Una bella idea sta alla base di Adaline, il film che Lee Toland Krieger troppo presto trasforma in una love story piuttosto convenzionale, a discapito dei tanti spunti intravisti sul nascere. Adaline (Blake Lively) la donna che si trova a combattere contro il sogno moderno (illusorio) coltivato da tutti, o quasi: avere la possibilità di un tempo illimitato davanti, addirittura con la fortuna (?) di non cambiare mai aspetto, eternamente giovani mentre tutto intorno il mondo invecchia seguendo il ritmo naturale delle cose.

Ecco questo deve aver provato la giovane donna (che in realtà ha 106 anni) nei suoi decenni vissuti in fuga continua per non essere smascherata, vedendo la figlia imbiancarsi e fuggendo ogni relazione che avrebbe portato a una sofferenza inevitabile. Fino all’incontro con l’uomo capace di farle cambiare idea, arrestando quella fuga.

Troppo presto il regista decide di declinare il suo film in una chiave romantica, si diceva, finendo per tralasciare tutto il resto: è la mancanza d’amore a trasformare in un incubo la vita senza fine di Adaline, che pure ha visto passare davanti agli occhi decenni di storia, guerre mondiali comprese. La sceneggiatura sceglie di passare in rassegna quegli anni al tavolo di una partita di Trivial e di non andare nel profondo del tormento vissuto dalla donna, se non in poche inquadrature e in un pugno di svolte narrative. Una luce ad esempio pare accendersi quando sullo schermo compare il personaggio di Harrison Ford, eroe cinematografico per eccellenza, Ian Solo invecchiato nei panni del maturo scienziato. Ma ben presto pure questa fiammella si spegne, per cedere al fascino più immediato di Michiel Huisman, condottiero più contemporaneo che sazia la passione dei fan del Trono di Spade.

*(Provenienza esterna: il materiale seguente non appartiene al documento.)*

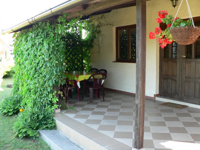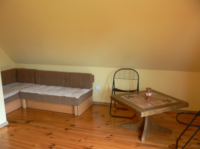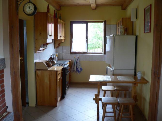 Na parterze znajduje się salon z kominkiem , TV i radiem, kuchnia z pełnym wyposażeniem (kuchnia gazowa, lodówka , zamrażarka , komplet naczyń i zastawy kuchennej), łazienka z natryskiem i WC. Na zewnątrz: duży taras obrośnięty zielenią z meblami ogrodowymi do biesiadowania na świeżym powietrzu.

Da Bejamin Button ad Highlander (per restare ai più noti) non è nuovo per il cinema questo giocare con il tempo e con il suo incedere, che la pellicola (e oggi il digitale) può mandare avanti e indietro a piacimento. In Adaline però non diventa mai lo spunto per una riflessione accurata sul valore degli attimi, delle ore, degli anni che passano veloci o lenti che sia. Il film, seguendo la regola di Hollywood, si accontenta di stringere l’obiettivo sugli sguardi languidi e sui patimenti delle occasioni perdute, impegnato a trovare una conclusione degna per i due innamorati e lasciandosi sfuggire a sua volta più di uno spunto che avrebbe potuto cambiare il destino dell’intera vicenda e degli spettatori.